OncoZenge submits application for PRIME status in the EU

Stockholm, Sweden, January 2nd 2024 – OncoZenge AB (publ), a leading biotechnology company developing BupiZenge™, an innovative, opioid-sparing treatment for oral pain, today confirms the submission of an application for PRIME (Priority Medicines) status with the European Medicines Agency (EMA).

The PRIME initiative offers early, proactive, and enhanced support to accelerate the evaluation of promising medicines, to reach patients faster. To be eligible for PRIME, medicines must target an unmet medical need and show potential benefits for patients based on clinical data. 

BupiZenge™ is OncoZenge’s novel approach to treating pain caused by oral mucositis, a severely debilitating condition of painful swelling and ulcerations of the mouth, and a very common side effect of cancer therapy. Current treatments are ineffective and may expose patients to unacceptable safety risks and side effects. Oral mucositis-related pain has severe negative consequences for patients’ physical and mental well-being and can result in interruptions to their cancer treatments and an inability to eat, drink and sleep. In consequence, ineffective pain management has adverse impacts to patient outcomes and quality of life.

There are currently no curative or preventive treatment options for oral mucositis in the EU. The fragmented standard of care for treating oral mucositis pain is ineffective and leaves a significant unmet medical need. Supported by Phase 1 and Phase 2 clinical trial results, BupiZenge™ has the potential to address this unmet need and provide an effective, safe and well-tolerated treatment option for a large number of patients. In addition, it could significantly reduce healthcare costs currently spent on poorly managed pain related to oral mucositis.

“The unmet need for a targeted, locally acting, non-opioid based treatment that is not associated with the risks of opioid-based drugs in this condition is significant. BupiZenge has true breakthrough potential to help affected persons and their families who are currently being denied adequate pain relief at an acceptable side effect profile. PRIME status would provide important regulatory support to accelerate making BupiZenge available for these patients”, says Christoph Nowak, Board Member of OncoZenge.

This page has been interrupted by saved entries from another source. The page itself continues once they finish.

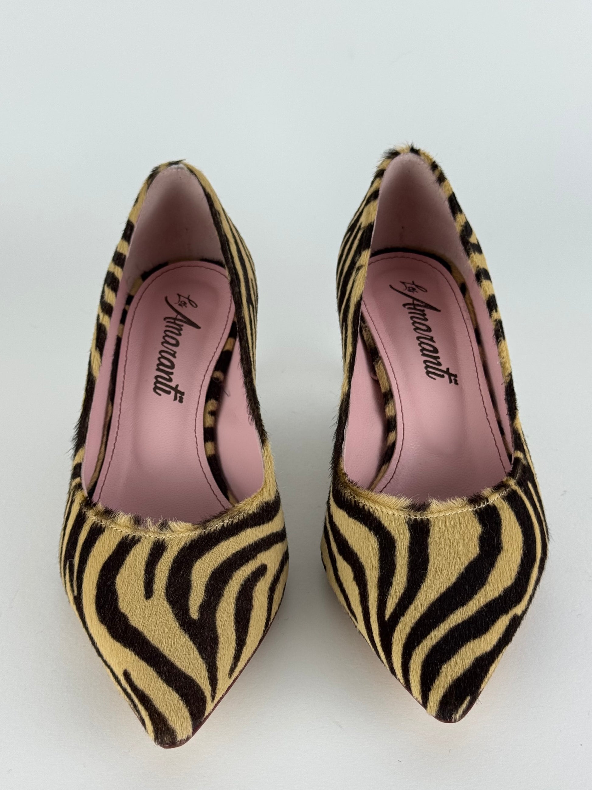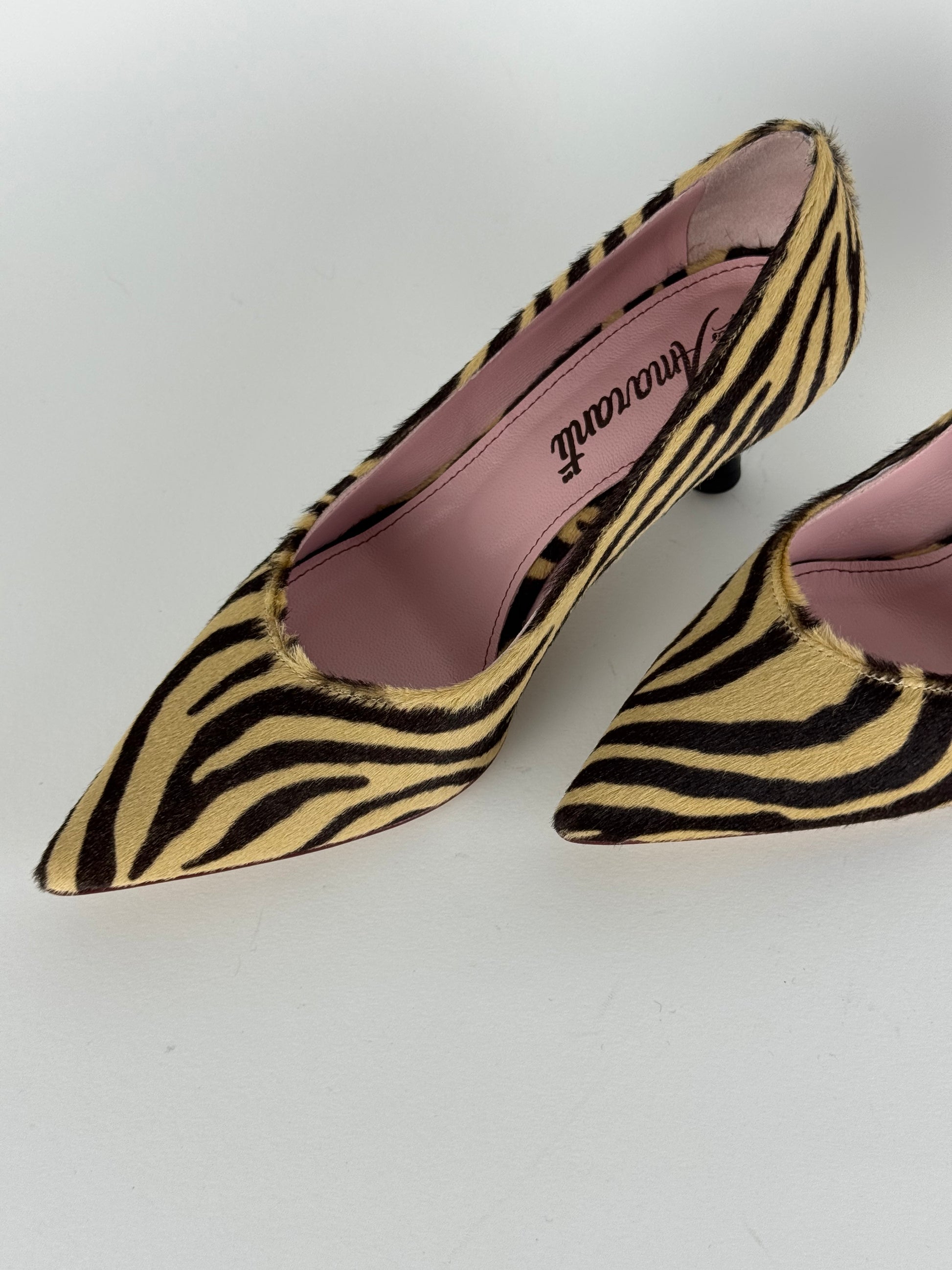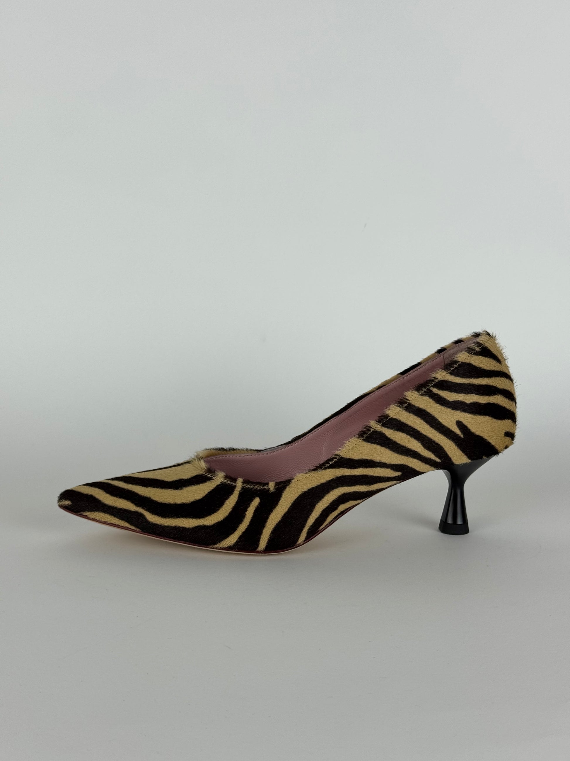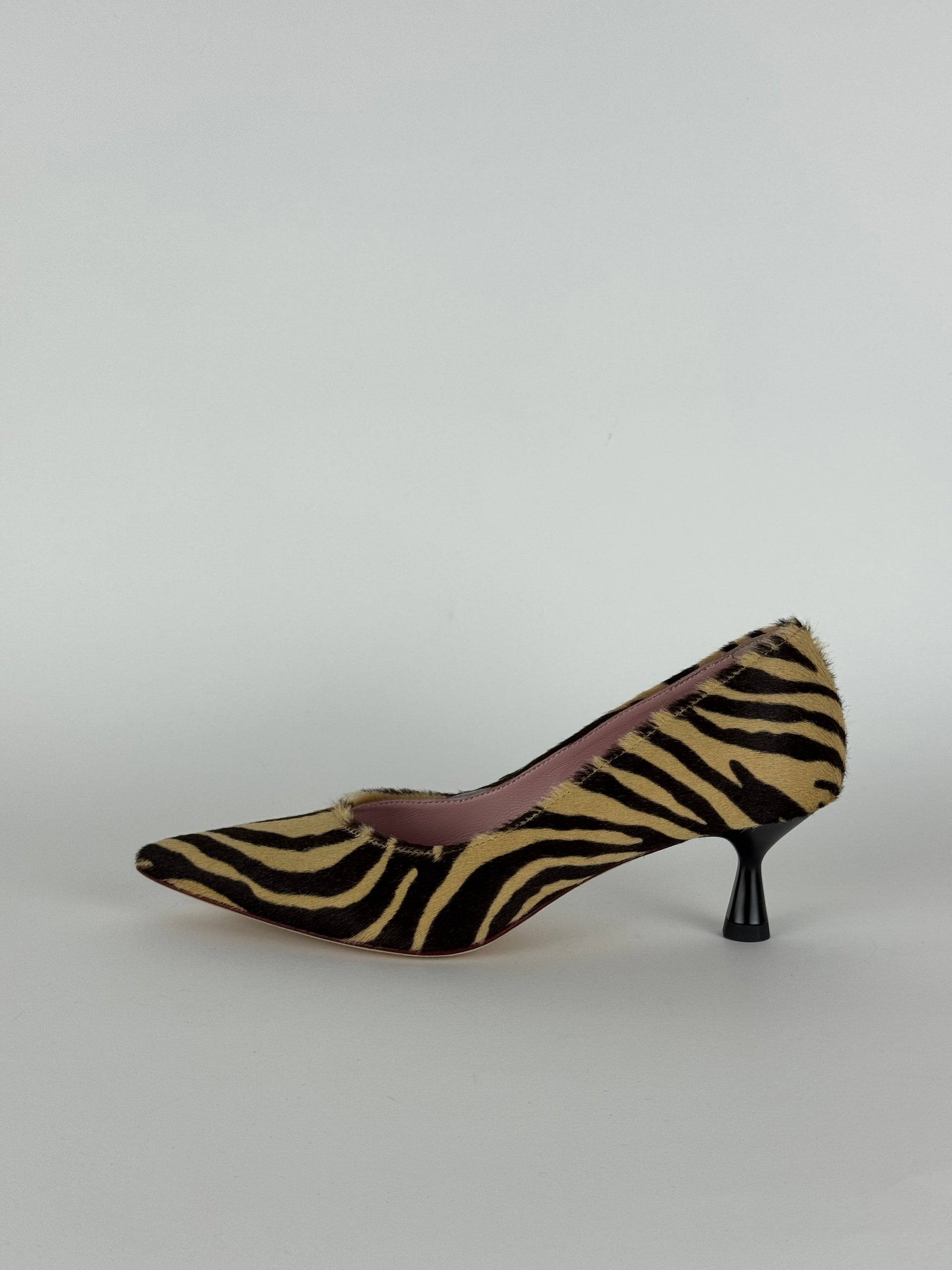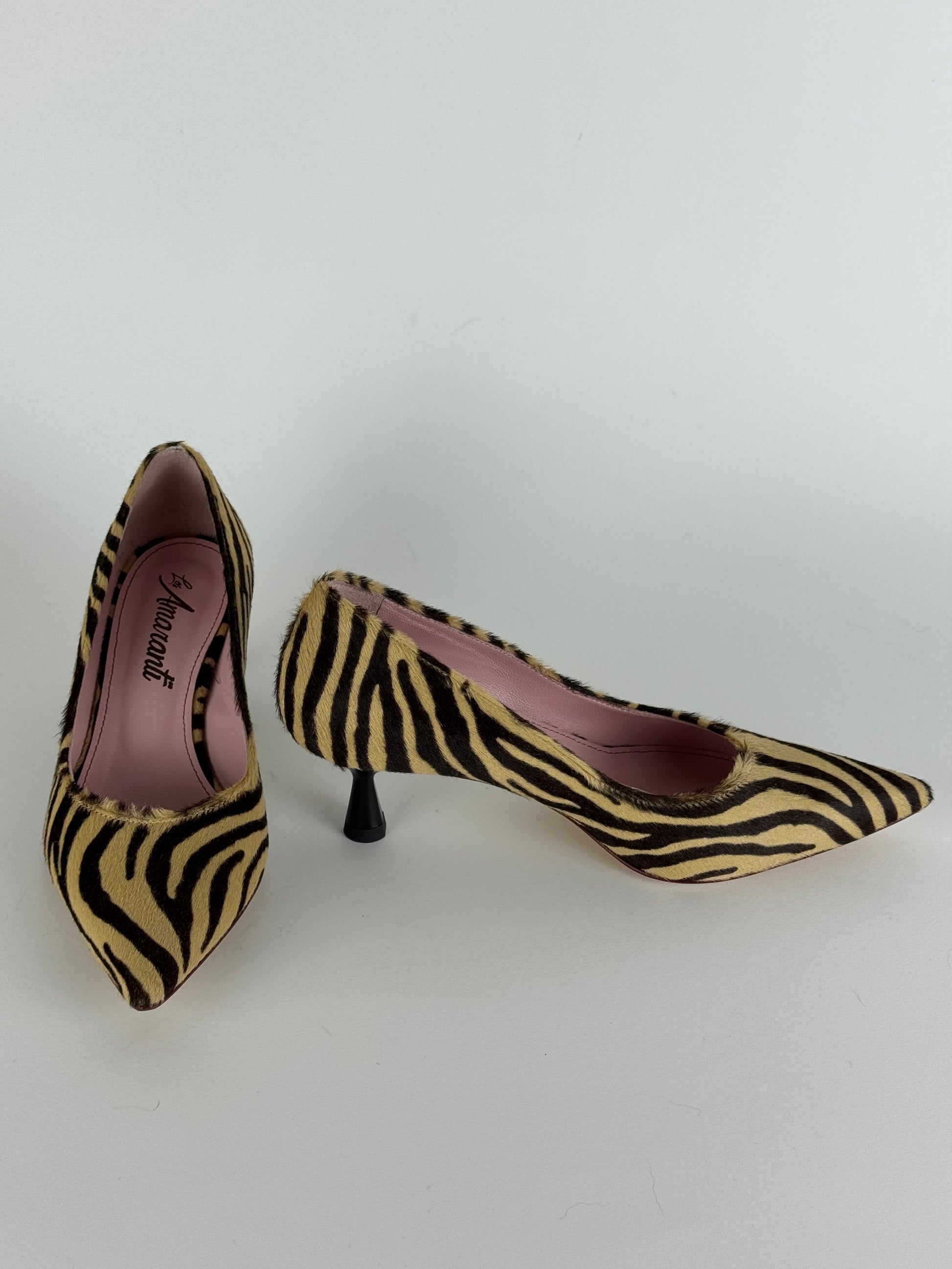 Les Amaranti è un capolavoro di artigianato, décolleté realizzato in raffinato cavallino, con tacco 5 cm è il connubio perfetto tra raffinatezza e praticità; per un look audace e trendy, questa fantasia zebrata è un'ottima scelta per abbinarla ad un outfit semplice o anche ad un completo total black.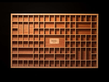 Sapele & Maple Wall Display Inspired by Letterpress Tray with Engraved Plaque, and Striking Contrast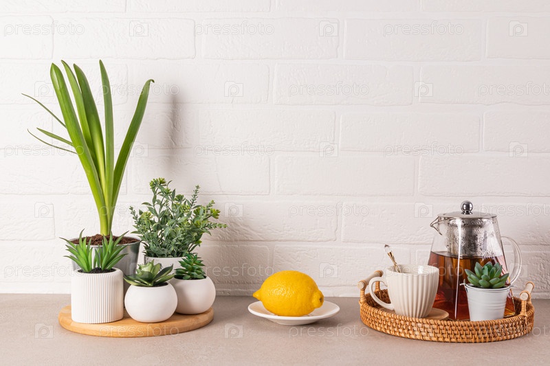 Предметы чайной церемонии, установленные на кухонной каменной столешнице с горшечными растениями на стене из белого кирпича. Копировальное пространство. Кухня фон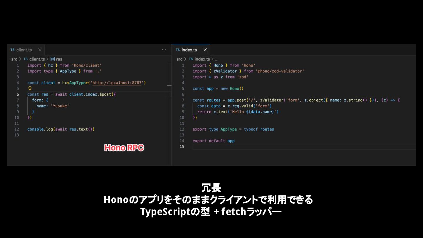 冗長 Honoのアプリをそのままクライアントで利用できる TypeScriptの型 + fetchラッパー
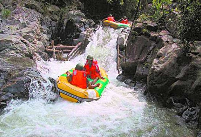 油田礦泉漂流最大的賣(mài)點(diǎn),是其中的高臺(tái)沖水之漂,據(jù)聞屬于首創(chuàng)。漂流水道落差變化莫測(cè),漂流者的橡皮筏在急流中時(shí)沉?xí)r浮,從3米高的水道中飛奔而下,人和筏子沖到水底去了,瞬間又浮現(xiàn)了上來(lái),時(shí)而蜿蜒于峽谷叢林,或漂浮于天光云影之間。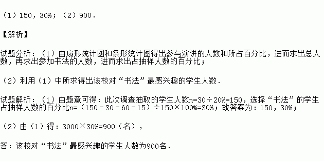 (2)若该校有3000名学生,请根据以上数据估计该校对“书法”最感兴趣的学生人数.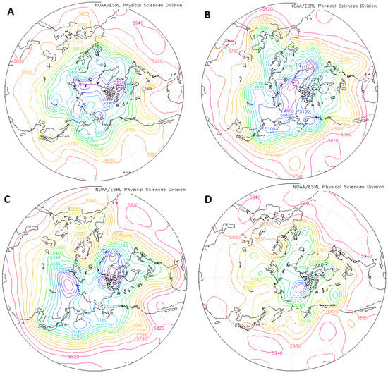 Examples of the large-scale circulation types using the 1200 UTC 500 hPa height field. The contour interval is 60 m and in color. The given examples are (A) Type 1 (6 October 2006 AO = 0.124), (B) Type 2 (8 March 2006 AO = 1.76), (C) Type 3 (6 January 2006 AO = −1.64), and (D) Type 4 (13 July 2013 AO = 0.28).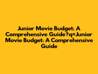 Q: How much should I budget for a junior movie? A: The budget for a junior movie can vary widely depending on the scope and ambition of the project. It can range from a few hundred dollars to several thousand dollars. Start by breaking down your script and estimating costs for each element. Utilize free budgeting templates and software to help you create a detailed budget.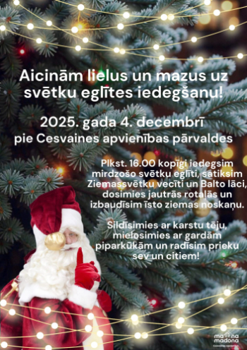 4. decembris 16:00 - 17:00; pie Cesvaines apvienības pārvaldes; CesvaineAicinām lielus un mazus uz sirsnīgu un priecīgu svētku eglītes iedegšanas pasākumu pie Cesvaines apvienības pārvaldes!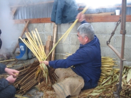 刈り取った楮は、約80センチぐらいの長さに切りそろえ、これを25キログラム程度の重さに束ねておきます。

Dr Stephen Sonis, Distinguished Faculty at the Dana-Farber Cancer Institute and Professor of Oral Medicine at Harvard, and member of the Scientific Advisory Board of OncoZenge, adds “BupiZenge could offer substantial benefits compared to today’s “one-size fits all” standard of care in two ways: first, consistent with the concept of precision medicine, it is used specifically in those patients whose symptom progression warrants intervention, and the as-needed dosing can be tailored to individuals; second, it should prevent the onset of use and/or the intensity and duration of use of systemic opioid analgesia.”

“The PRIME program promises additional support and an efficient dialog with EMA on our plans for a clinical phase 3 program. A positive decision will accelerate our path to approval in the EU, which is a strategic priority. PRIME status will also significantly de-risk the project from the perspective of a strategic partner, given the explicit acknowledgement from regulatory authorities that our drug candidate meets important patient and thereby market needs”, Stian Kildal, CEO of OncoZenge, concludes.

EMA’s decision on OncoZenge’s PRIME status is expected by the end of February, 2024.

BupiZenge™ – Potential to be the leading treatment for oral pain.

For additional information, please contact:

Stian Kildal, CEO, mobile: +46 76 115 3797, e-mail: stian.kildal@oncozenge.se
Christoph Nowak, board member, mobile: +46 73 980 6535, e-mail: christoph.nowak@oncozenge.se
Certified Adviser
OncoZenge’s Certified Adviser is Carnegie Investment Bank AB (publ).
OncoZenge AB
Gustavslundsvägen 34, 167 51 Stockholm, Sweden
About OncoZenge
OncoZenge develops a novel, effective, safe and well-tolerated treatment for oral pain in conditions where currently available treatment options either do not achieve sufficient pain relief or are associated with significant side effects. BupiZenge™ is a new oral lozenge formulation of bupivacaine, an anaesthetic with decades of clinical experience. OncoZenge's lead indication is oral pain due to an inflammatory condition called oral mucositis that affects millions of patients receiving cancer treatment. Oral mucositis causes profound physical and psychological suffering, and is a large unmet medical need for an effective, opioid-sparing treatment option. BupiZenge™ has shown significantly better pain relief compared to standard of care in this indication in a Phase 2 trial.
OncoZenge is headquartered in Stockholm, Sweden, and its share is publicly traded on Nasdaq First North Growth Market under the ticker ONCOZ.